The response must reproduce every record below without alteration.

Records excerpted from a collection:
==============================

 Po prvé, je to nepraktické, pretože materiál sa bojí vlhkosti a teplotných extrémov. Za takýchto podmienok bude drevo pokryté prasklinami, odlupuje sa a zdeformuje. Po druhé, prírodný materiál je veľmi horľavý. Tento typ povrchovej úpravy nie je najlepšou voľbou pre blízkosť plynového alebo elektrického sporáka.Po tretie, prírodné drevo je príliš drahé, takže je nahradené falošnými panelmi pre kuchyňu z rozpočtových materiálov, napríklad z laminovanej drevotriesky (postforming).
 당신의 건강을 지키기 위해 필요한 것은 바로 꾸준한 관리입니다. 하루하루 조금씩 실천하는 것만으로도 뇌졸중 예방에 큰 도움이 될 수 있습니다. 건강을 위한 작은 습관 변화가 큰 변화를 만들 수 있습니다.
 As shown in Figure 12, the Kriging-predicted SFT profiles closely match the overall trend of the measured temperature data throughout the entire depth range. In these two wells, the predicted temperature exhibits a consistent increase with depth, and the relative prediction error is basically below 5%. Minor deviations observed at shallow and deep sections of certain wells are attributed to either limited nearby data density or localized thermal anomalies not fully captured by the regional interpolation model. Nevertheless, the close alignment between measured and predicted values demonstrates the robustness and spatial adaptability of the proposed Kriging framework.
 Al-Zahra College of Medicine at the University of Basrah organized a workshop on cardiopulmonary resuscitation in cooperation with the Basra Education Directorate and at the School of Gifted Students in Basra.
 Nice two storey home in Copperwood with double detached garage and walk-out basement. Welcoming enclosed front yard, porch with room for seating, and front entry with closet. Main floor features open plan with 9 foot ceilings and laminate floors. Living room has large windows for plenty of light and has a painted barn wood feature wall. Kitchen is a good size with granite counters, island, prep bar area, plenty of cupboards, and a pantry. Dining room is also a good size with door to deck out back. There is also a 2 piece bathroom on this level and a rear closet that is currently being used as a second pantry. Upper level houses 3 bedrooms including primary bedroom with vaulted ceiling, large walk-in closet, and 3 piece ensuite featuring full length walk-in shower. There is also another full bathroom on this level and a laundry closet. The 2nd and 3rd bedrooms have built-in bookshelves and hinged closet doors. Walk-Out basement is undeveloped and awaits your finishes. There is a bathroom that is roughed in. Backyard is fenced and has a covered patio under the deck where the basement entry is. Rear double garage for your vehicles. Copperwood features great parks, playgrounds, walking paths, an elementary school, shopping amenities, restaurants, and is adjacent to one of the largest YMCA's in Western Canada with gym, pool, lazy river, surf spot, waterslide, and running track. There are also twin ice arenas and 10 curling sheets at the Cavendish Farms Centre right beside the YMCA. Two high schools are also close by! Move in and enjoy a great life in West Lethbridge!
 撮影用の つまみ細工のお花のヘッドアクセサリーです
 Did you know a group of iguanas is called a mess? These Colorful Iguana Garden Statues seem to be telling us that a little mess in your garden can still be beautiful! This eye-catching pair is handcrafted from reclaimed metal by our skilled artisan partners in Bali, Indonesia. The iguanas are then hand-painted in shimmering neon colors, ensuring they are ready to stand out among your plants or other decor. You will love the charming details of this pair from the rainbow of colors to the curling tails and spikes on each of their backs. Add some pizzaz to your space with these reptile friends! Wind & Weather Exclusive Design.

==============================

## Reply to the exercise
 Po prvé, je to nepraktické, pretože materiál sa bojí vlhkosti a teplotných extrémov. Za takýchto podmienok bude drevo pokryté prasklinami, odlupuje sa a zdeformuje. Po druhé, prírodný materiál je veľmi horľavý. Tento typ povrchovej úpravy nie je najlepšou voľbou pre blízkosť plynového alebo elektrického sporáka.Po tretie, prírodné drevo je príliš drahé, takže je nahradené falošnými panelmi pre kuchyňu z rozpočtových materiálov, napríklad z laminovanej drevotriesky (postforming).
 당신의 건강을 지키기 위해 필요한 것은 바로 꾸준한 관리입니다. 하루하루 조금씩 실천하는 것만으로도 뇌졸중 예방에 큰 도움이 될 수 있습니다. 건강을 위한 작은 습관 변화가 큰 변화를 만들 수 있습니다.
 As shown in Figure 12, the Kriging-predicted SFT profiles closely match the overall trend of the measured temperature data throughout the entire depth range. In these two wells, the predicted temperature exhibits a consistent increase with depth, and the relative prediction error is basically below 5%. Minor deviations observed at shallow and deep sections of certain wells are attributed to either limited nearby data density or localized thermal anomalies not fully captured by the regional interpolation model. Nevertheless, the close alignment between measured and predicted values demonstrates the robustness and spatial adaptability of the proposed Kriging framework.
 Al-Zahra College of Medicine at the University of Basrah organized a workshop on cardiopulmonary resuscitation in cooperation with the Basra Education Directorate and at the School of Gifted Students in Basra.
 Nice two storey home in Copperwood with double detached garage and walk-out basement. Welcoming enclosed front yard, porch with room for seating, and front entry with closet. Main floor features open plan with 9 foot ceilings and laminate floors. Living room has large windows for plenty of light and has a painted barn wood feature wall. Kitchen is a good size with granite counters, island, prep bar area, plenty of cupboards, and a pantry. Dining room is also a good size with door to deck out back. There is also a 2 piece bathroom on this level and a rear closet that is currently being used as a second pantry. Upper level houses 3 bedrooms including primary bedroom with vaulted ceiling, large walk-in closet, and 3 piece ensuite featuring full length walk-in shower. There is also another full bathroom on this level and a laundry closet. The 2nd and 3rd bedrooms have built-in bookshelves and hinged closet doors. Walk-Out basement is undeveloped and awaits your finishes. There is a bathroom that is roughed in. Backyard is fenced and has a covered patio under the deck where the basement entry is. Rear double garage for your vehicles. Copperwood features great parks, playgrounds, walking paths, an elementary school, shopping amenities, restaurants, and is adjacent to one of the largest YMCA's in Western Canada with gym, pool, lazy river, surf spot, waterslide, and running track. There are also twin ice arenas and 10 curling sheets at the Cavendish Farms Centre right beside the YMCA. Two high schools are also close by! Move in and enjoy a great life in West Lethbridge!
 撮影用の つまみ細工のお花のヘッドアクセサリーです
 Did you know a group of iguanas is called a mess? These Colorful Iguana Garden Statues seem to be telling us that a little mess in your garden can still be beautiful! This eye-catching pair is handcrafted from reclaimed metal by our skilled artisan partners in Bali, Indonesia. The iguanas are then hand-painted in shimmering neon colors, ensuring they are ready to stand out among your plants or other decor. You will love the charming details of this pair from the rainbow of colors to the curling tails and spikes on each of their backs. Add some pizzaz to your space with these reptile friends! Wind & Weather Exclusive Design.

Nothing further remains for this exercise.